### [ABOUT THIS EXERCISE]
Please set down exactly the lines from the one that contains "Risulta problematica la" through the end of the material, leaving out every picture.

### [INPUT]
◆ ◆ ◆ ◆
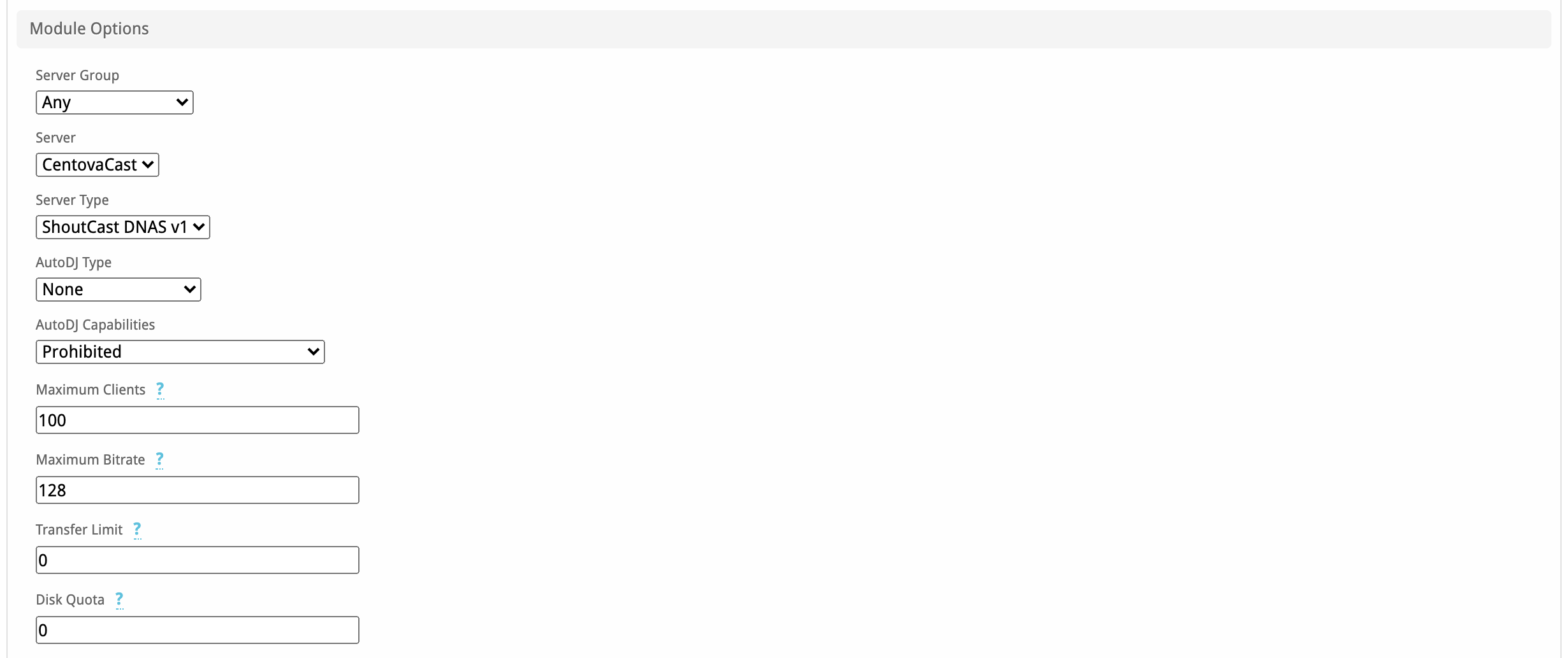 The Module Options section consists of the following options, which are specific to CentovaCast:
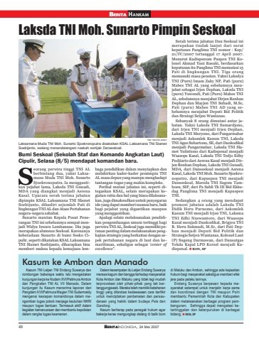 48 BERITAINDONESIA, 24 Mei 2007Laksda TNI Moh. Sunarto Pimpin SeskoalKasum ke Ambon dan ManadoKasum TNI Letjen TNI Endang Suwarya danrombongan beberapa waktu lalu mengadakankunjungan kerja ke Kodam XVI/Patimura Ambondan Pangkalan TNI AL VII Manado. Dalamkunjungan itu Kasum menerima laporan dariPangdam XVI/Patimura Mayjen TNI Sudarmaidymengenai kesiapan komandonya dalam mengemban tugas pokok menjaga keutuhan NKRImaupun tugas bantuan. Termasuk aktif dalamkegiatan kemanusiaan dan membantu kepolisiandalam rangka tugas keamanan.Dalam kesempatan itu Letjen Endang Suwaryamerasa kagum dan bangga terhadap masyarakatKota Ambon dan Maluku yang tidak lagi mudahterprovokasi oleh pihak-pihak yang tak bertanggungjawab. Mereka telah memiliki ketahanantinggi yang dilandasi kedewasaan cara berfikiruntuk menciptakan perdamaian dan persaudaraan yang hakiki dalam budaya Pela danGandong.Kasum berharap pada penegak hukum agarbekerja keras mengungkap dalang di balik bomdi Maluku dan Ambon, sehingga ada kepastianhukum bagi masyarakat sekaligus memberi efekjera pada pelaku lainnya.Endang Suwarya berpesan kepada masyarakat setempat untuk menjalin kerja samadan koordinasi dengan TNI maupun Polrimembantu Pemerintah Kota dan Kabupatendalam melaksanakan berbagai program pembangunan. Sehingga dapat mengatasi ketertinggalan dan keterpurukan di berbagaibidang. RON, SPBumi Seskoal (Sekolah Staf dan Komando Angkatan Laut)Cipulir, Selasa (8/5) mendapat komandan baru.eorang perwira tinggi TNI ALberbintang dua, yakni Laksamana Muda TNI Moh. SunartoSjoekronoputra. Ia menggantikan pejabat lama, Laksda TNI Gunadi,MDA yang diangkat menjadi AsrenaKasal. Upacara serah terima jabatandipimpin KSAL Laksamana TNI SlametSoebijanto, dihadiri sejumlah Pati dilingkungan TNI AL dan Atase Pertahanannegara-negara sahabat.Sunarto mantan Kepala Pusat Penerangan TNI ini sebelumnya sempat menjadi Widya Iswara Lemhannas. Dia jugamerupakan alumnus Seskoal. Karenanyakeberadaan Sunarto di bumi Sesko Cipulir, seperti dikatakan KSAL LaksamanaTNI Slamet Soebijanto, diharapkan bisamemberi makna kepada kemajuan lembaga pendidikan dalam menyiapkan danmelahirkan kader-kader pemimpin TNIAL masa depan yang mampu menghadapitantangan tugas yang makin kompleks.Perihal mutasi jabatan ini, seperti ditegaskan KSAL, selain merupakan kegiatan rutin dan hal yang biasa dilaksanakan, juga dimaksudkan untuk penyegaranide yang dapat memberi nuansa baru, baikbagi pejabat yang digantikan maupunyang menggantikan.Apalagi selain melaksanakan pendidikan pengembangan umum tertinggi bagiperwira TNI AL, Seskoal juga memiliki peranan penting dalam melaksanakan pengkajian strategis yang berkaitan dengan aspek pertahanan negara di laut dan kemaritiman, sekaligus sebagai ‘center ofexcellence”.Serah terima jabatan Dan Seskoal inimerupakan tindak lanjut dari suratkeputusan Panglima TNI nomor : Kep/21/IV/2007 tertanggal 17 April 2007.Menurut Kadispenum Puspen TNI Kolonel Ahmad Yani Basuki, berdasarkankeputusan itu Panglima TNI memutasi 15Pati di lingkungan TNI. Tiga orangmemasuki masa pensiun. Yakni LaksdyaTNI (Purn) Imam Zaky NP, Pati (purn)Mabes TNI AL yang sebelumnya menjabat sebagai Irjen Dephan, Laksda TNI(purn) Yuwendi, Pati (Purn) Mabes TNIAL, sebelumnya menjabat Dirjen RenhanDephan dan Mayjen TNI Suhadi, M.Sc,Pati (purn) Mabes TNI AD yang sebelumnya menjabat Deputi Bid Politikdan Strategi Setjen Wantanas.Sebanyak 8 orang dimutasi antar jabatan. Yakni Laksda TNI Sumardjono,dari Irjen TNI menjadi Irjen Dephan,Laksda TNI Muryono, dari Pangarmabarmenjadi Askomlek Kasum TNI, LaksdaTNI Agus Suhartono, SE, dari Dankodikalmenjadi Pangarmabar, Laksda TNI Slamet Yulistiono dari Kadispenal menjadiWaasops Kasal, Laksda TNI Tedjo EdhyPudjiarto dari Asrena Kasal menjadi Dirjen Renhan Dephan, Laksda TNI Gunadi,MDA, dari Danseskoal menjadi AsrenaKasal, Laksda TNI Moh. Sunarto Sjoekronoputro, dari Kapuspen TNI menjadiDanseskoal, Marsda TNI Sagom Tamboen, SIP, dari Pa Sahli Tk III Bid Ekkudag Panglima TNI menjadi KapuspenTNI.Sedangkan 4 orang yang mendapatpromosi jabatan adalah Laksda TNIDidik Heru Purnomo, dari AskomlekKasum TNI menjadi Irjen TNI, LaksmaTNI Edhi Nuswantoro, dari WaasopsKasal menjadi Dankodikal, Brigjen TNIB. Heru Sukmadi, M.Sc, dari Pati Dephan menjadi Deputi Bid Politik danStrategis Setjen Wantanas, Kolonel Laut(P) Sugeng Darmawan, dari DansatgasYekda Kapal LPD Korsel menjadi Kadispenal. RON, SPSLaksamana Muda TNI Moh. Sunarto Sjoekronoputra disaksikan KSAL Laksamana TNI SlametSoebijanto, sedang menandatangani naskah sertijab Danseskoal.foto: berindo wilsonBERITA HANKAM
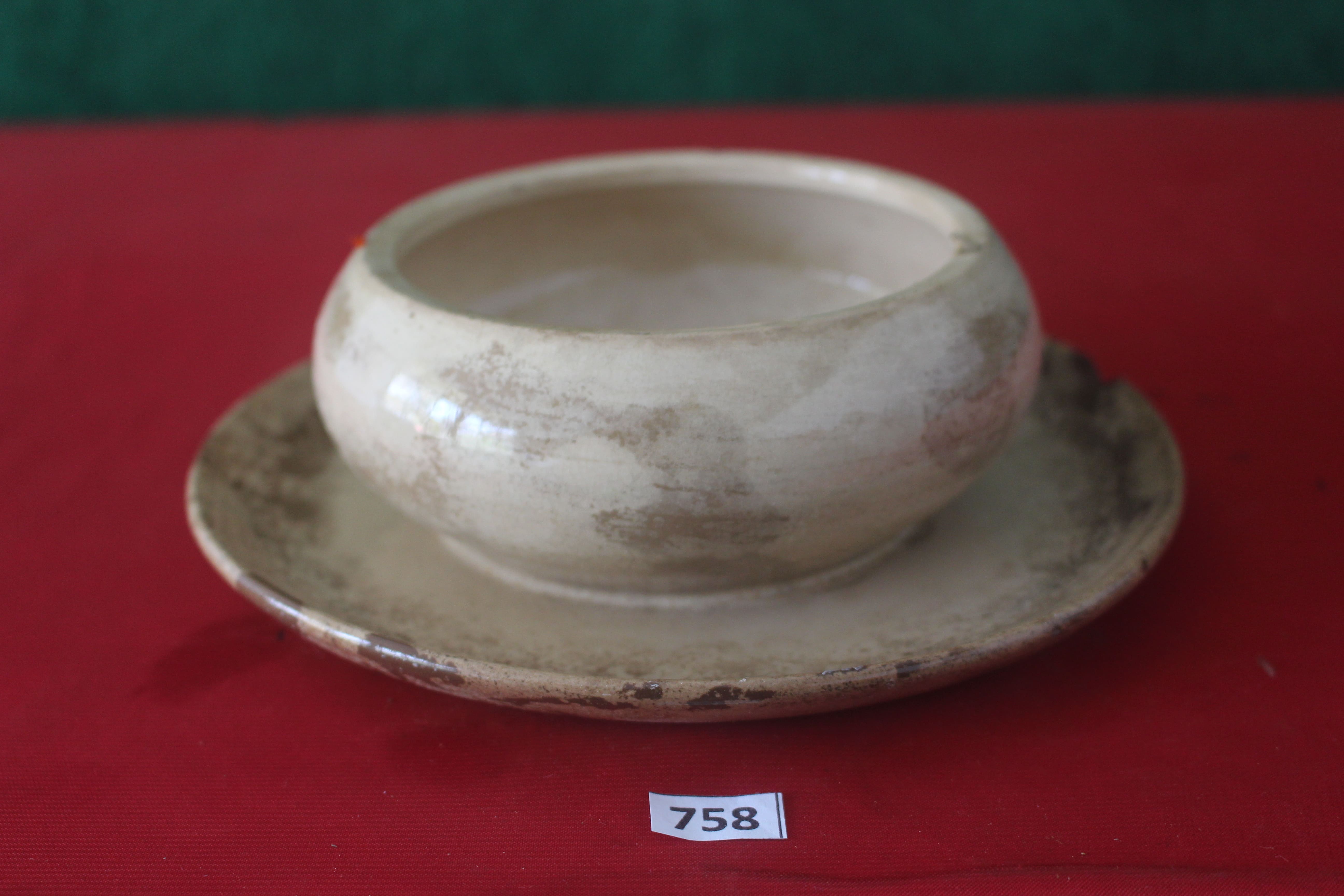 Terbuat dari tanah liat putih (white clay). Teknik roda putar, dengan pembakaran suhu ± 1200 ?c. Bandar bundar dengan dinding berlekuk seperti huruf S. bibir lekuk daun, lebar pinggiran membulat, penopang kaki sedang, piinggiran menyudut dasar datar. glasir putih suram, teknik dasar datar, glasir putih suram, teknik celup. hiasan dengan kuas, motif tulisan arab pada bibir dan badan dalam bunga botan warna biru sesudah diglasir. digunakan sebagai wadah makanan dalam upacara adat/hiasan.
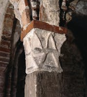 Risulta problematica la datazione dei capitelli delle colonnine. Alcuni presentano, infatti, una struttura ad alveoli triangolari; si è pensato che essi fossero originariamente destinati a ricevere riempimenti colorati in mastice o stucco, così da imitare la produzione orafa cloisonnée – cioè con campiture di smalti tra linee metalliche in oro, argento o rame – di chiara matrice barbarica. Si è perciò pensato a una datazione all’età longobarda, ipotizzando un possibile reimpiego dall’edificio più antico. Tuttavia, in anni più recenti, è stata sostenuta l’ipotesi che possano risalire alla ricostruzione dell’undicesimo secolo.
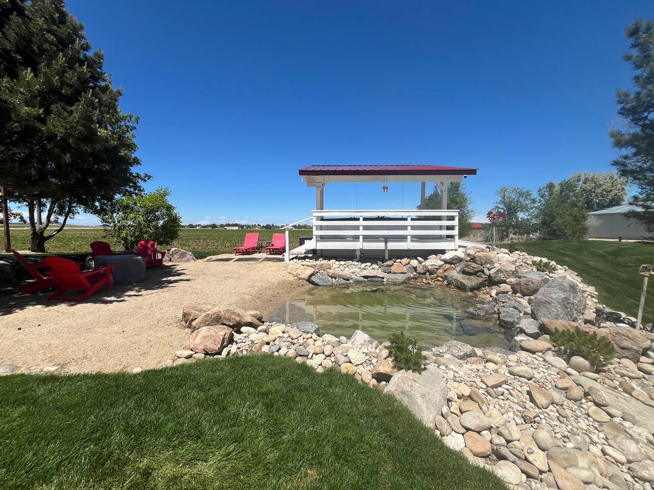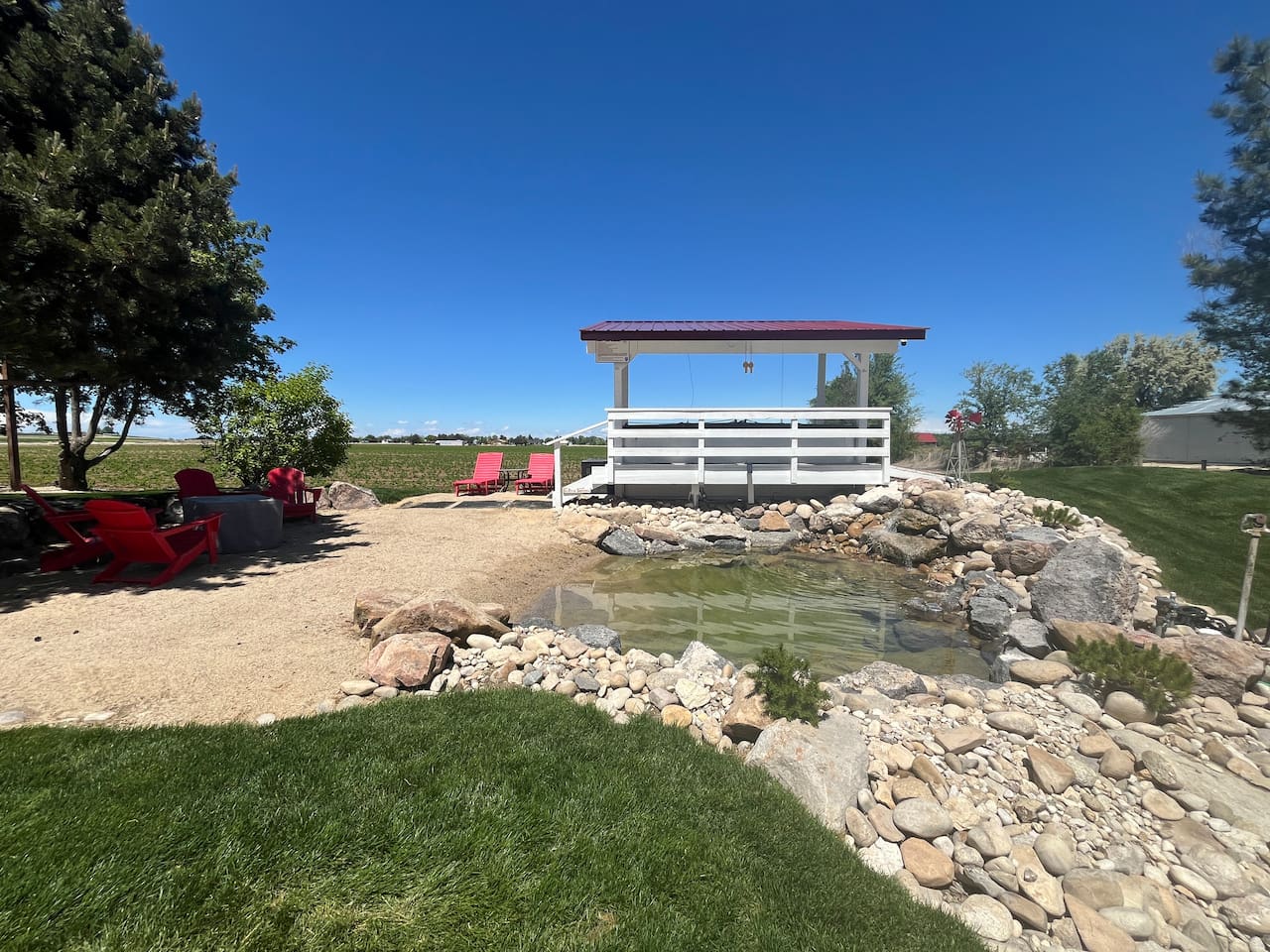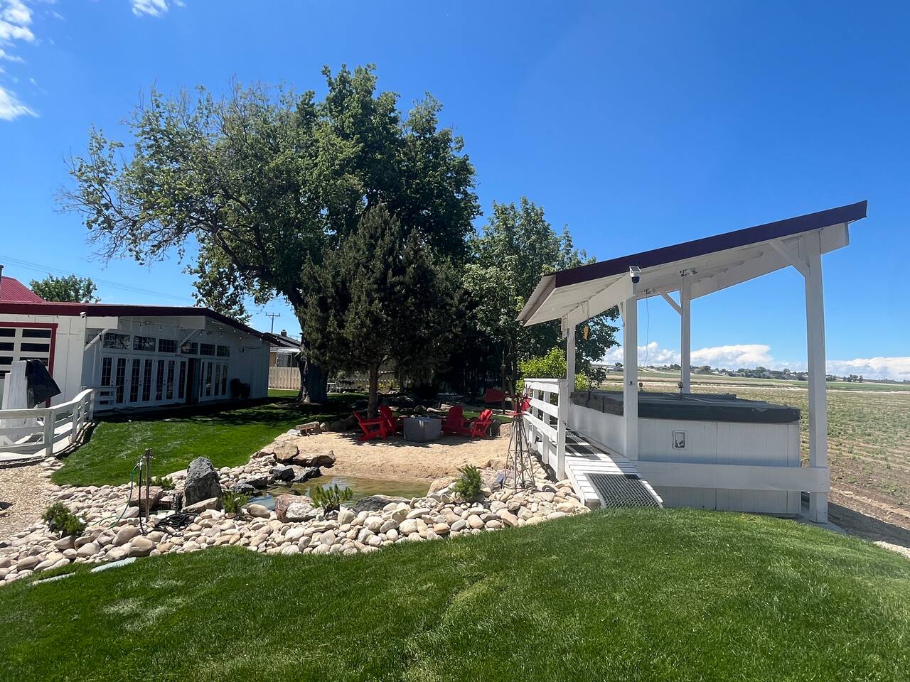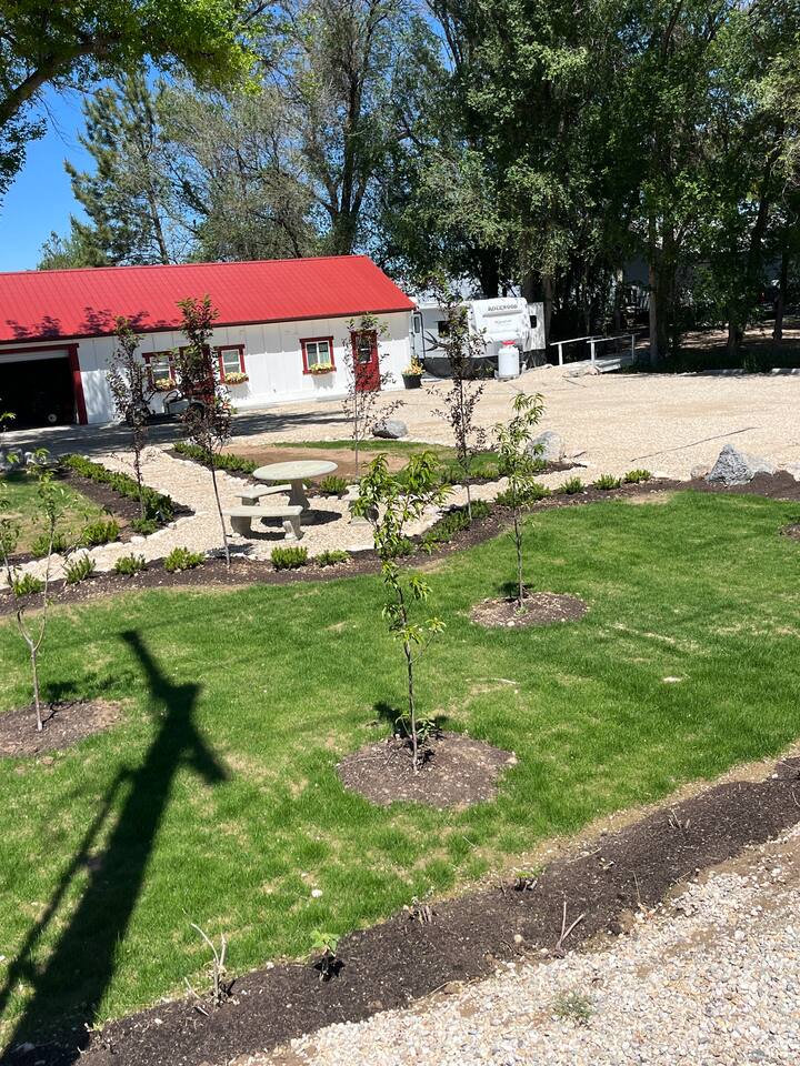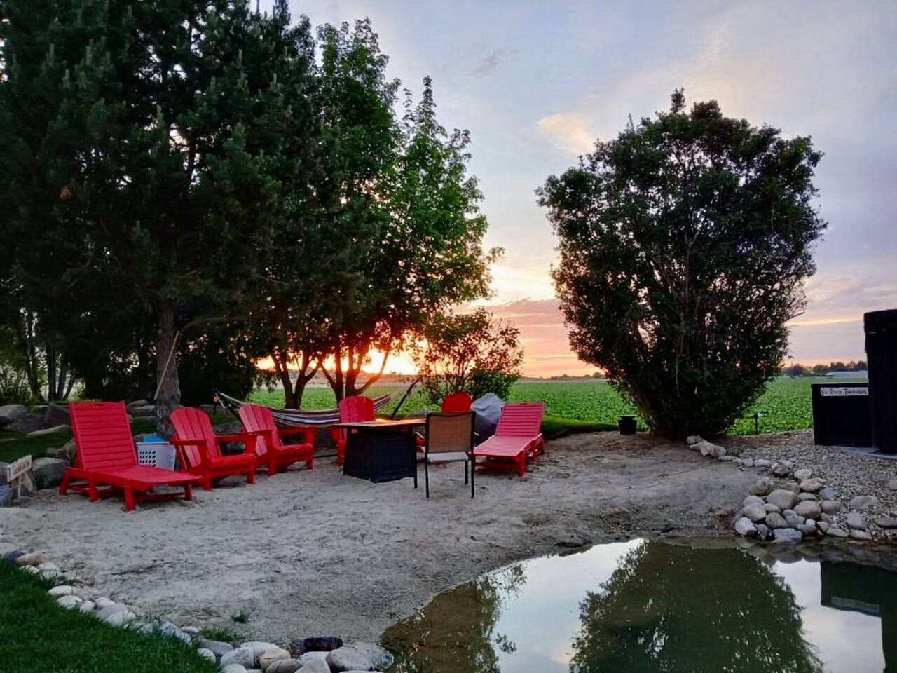 Charming country cottage in a peaceful rural setting, perfect for a romantic escape or quiet getaway. Relax in the hot tub, on the mini beach, or by the pond with a waterfall. Enjoy sunsets from the fire pit or private patio, with evening lighting and the sounds of wild birds all around. Just 2 minutes to Lake Lowell for fishing, boating, and nature walks, and only 20 minutes to mountains, hot springs, trail rides, the Snake River. All while only 9 minutes from shopping & services.
◆ ◆ ◆ ◆
### [WRITTEN RESPONSE]
 Risulta problematica la datazione dei capitelli delle colonnine. Alcuni presentano, infatti, una struttura ad alveoli triangolari; si è pensato che essi fossero originariamente destinati a ricevere riempimenti colorati in mastice o stucco, così da imitare la produzione orafa cloisonnée – cioè con campiture di smalti tra linee metalliche in oro, argento o rame – di chiara matrice barbarica. Si è perciò pensato a una datazione all’età longobarda, ipotizzando un possibile reimpiego dall’edificio più antico. Tuttavia, in anni più recenti, è stata sostenuta l’ipotesi che possano risalire alla ricostruzione dell’undicesimo secolo.
 Charming country cottage in a peaceful rural setting, perfect for a romantic escape or quiet getaway. Relax in the hot tub, on the mini beach, or by the pond with a waterfall. Enjoy sunsets from the fire pit or private patio, with evening lighting and the sounds of wild birds all around. Just 2 minutes to Lake Lowell for fishing, boating, and nature walks, and only 20 minutes to mountains, hot springs, trail rides, the Snake River. All while only 9 minutes from shopping & services.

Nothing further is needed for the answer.